Степан просидел часа три, прежде чем из отдаленной комнаты донесся женский голос, позвавший старуху, затем послышались чьи-то шаркающие шаги в коридоре. Когда старуха вернулась в кухню, она велела Степану идти в гостиную. Здесь его уже поджидал Серебряков в полосатом одеянии. У него было опухшее лицо не то со сна, не то с похмелья. Он, не стесняясь Степана, широко зевнул, издав при этом характерный высокий звук, и проговорил:
— Иди, братец, прямо сейчас на Рождественку, директор мне обещал принять тебя, если, конечно, подойдешь по своим данным, ну и прочее там...

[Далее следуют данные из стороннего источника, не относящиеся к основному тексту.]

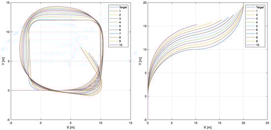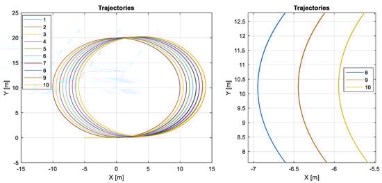 In order to study the influence of the number of trailers on the controller’s performance, different simulations have been carried out, changing the number of trailers. For each simulation, the mean squared error (MSE) of the guiding error (40) and the control effort (41) have been evaluated. It is important to reduce both metrics. Maintaining a low guiding error is key to ensuring correct positioning of the AGV and trailers in the work stations, to pick up and leave the parts, as well as to ensure a correct charging operation. On the other hand, the reduction in the control effort is necessary for avoiding degradation in its mechanical components and extending its life.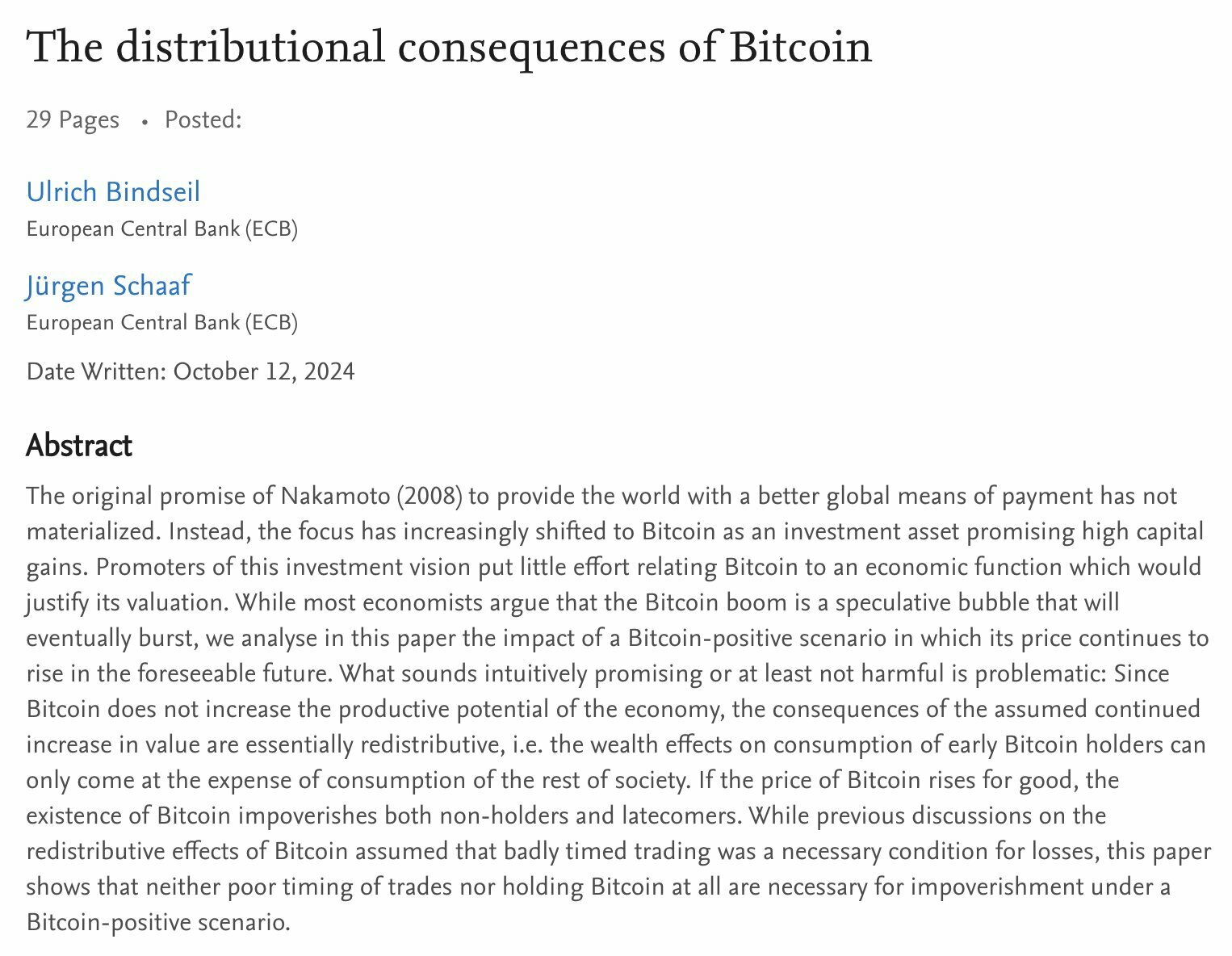 This new paper is a true declaration of war: the ECB claims that early #bitcoin adopters steal economic value from latecomers. I strongly believe authorities will use this luddite argument to enact harsh taxes or bans.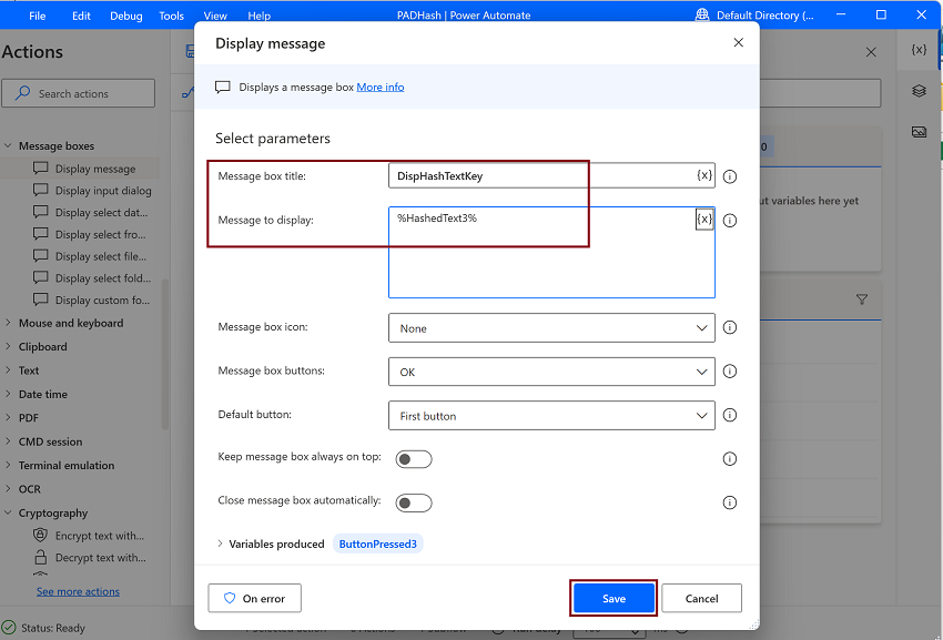 For Displaying the Hash text with key output, Add the Display message action, Set the Message box title Parameter value as DispHashTextKey, Message to display Parameter value as %HashedText3%, and Click Save Button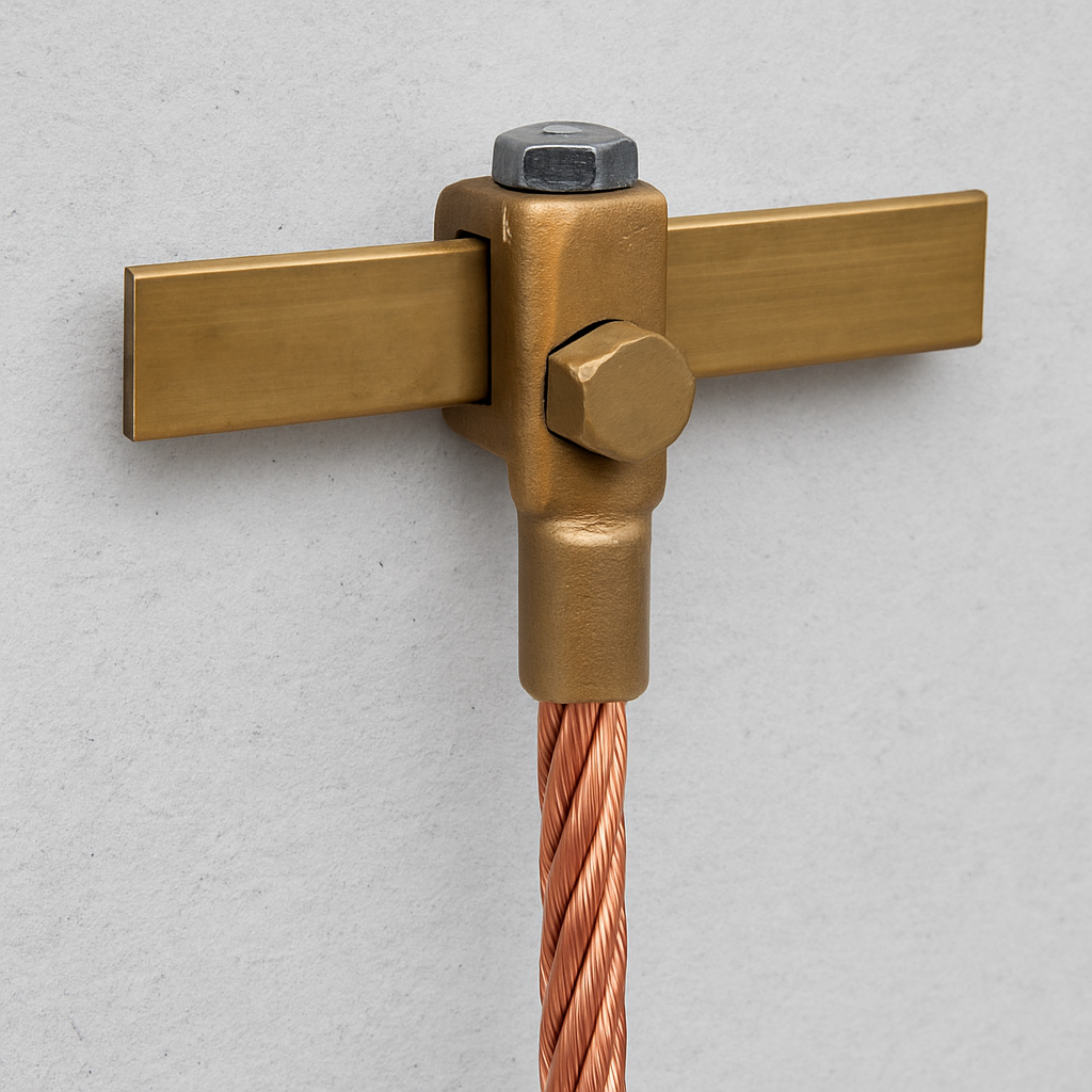 Sistema de fijación de una barra de puesta a tierra (o barra equipotencial) directamente a un muro o estructura metálica. Utiliza soportes aislantes, pernos y conectores que garantizan continuidad eléctrica.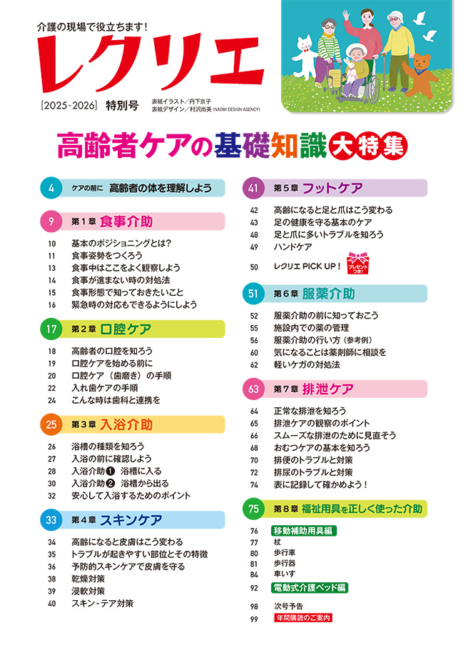 『レクリエ』本誌を購入された方への特典です。本誌掲載「パスワード」を下記の欄に入力し、「ダウンロード」ボタンをクリックしてください。本誌掲載の排泄チェック表の型紙などをダウンロードできます。詳しい使い方は本誌をご覧ください。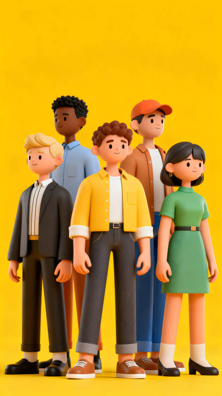 卡通人物合影黄色背景

Степан вспомнил лишь на улице, что забыл поблагодарить Серебрякова за его хлопоты. Расстояние от Большой Никитской до Рождественки он пробежал мигом. Но тут неожиданно вспомнил, что ему надлежит и, видимо, обязательно, показать какие-нибудь свои рисунки. А они находились в мешке, в папке, мешок — в ночлежном доме. Так что Степану пришлось тем же быстрым ходом через Лубянку, Старые и Новые площади, Солянку добираться до Хитрова рынка. Обратно на Рождественку он вернулся весь взмокший и запыхавшийся. Его длинные мокрые волосы, выбившиеся из-под шляпы, взлохмаченными прядями прилипли к вискам и лбу, ворот рубахи расстегнулся, голенища сапог и брюки забрызгались грязью. Торопясь как можно скорее попасть к директору училища, он и не подумал привести себя в более или менее надлежащий вид. Прямо так и вошел к нему в кабинет.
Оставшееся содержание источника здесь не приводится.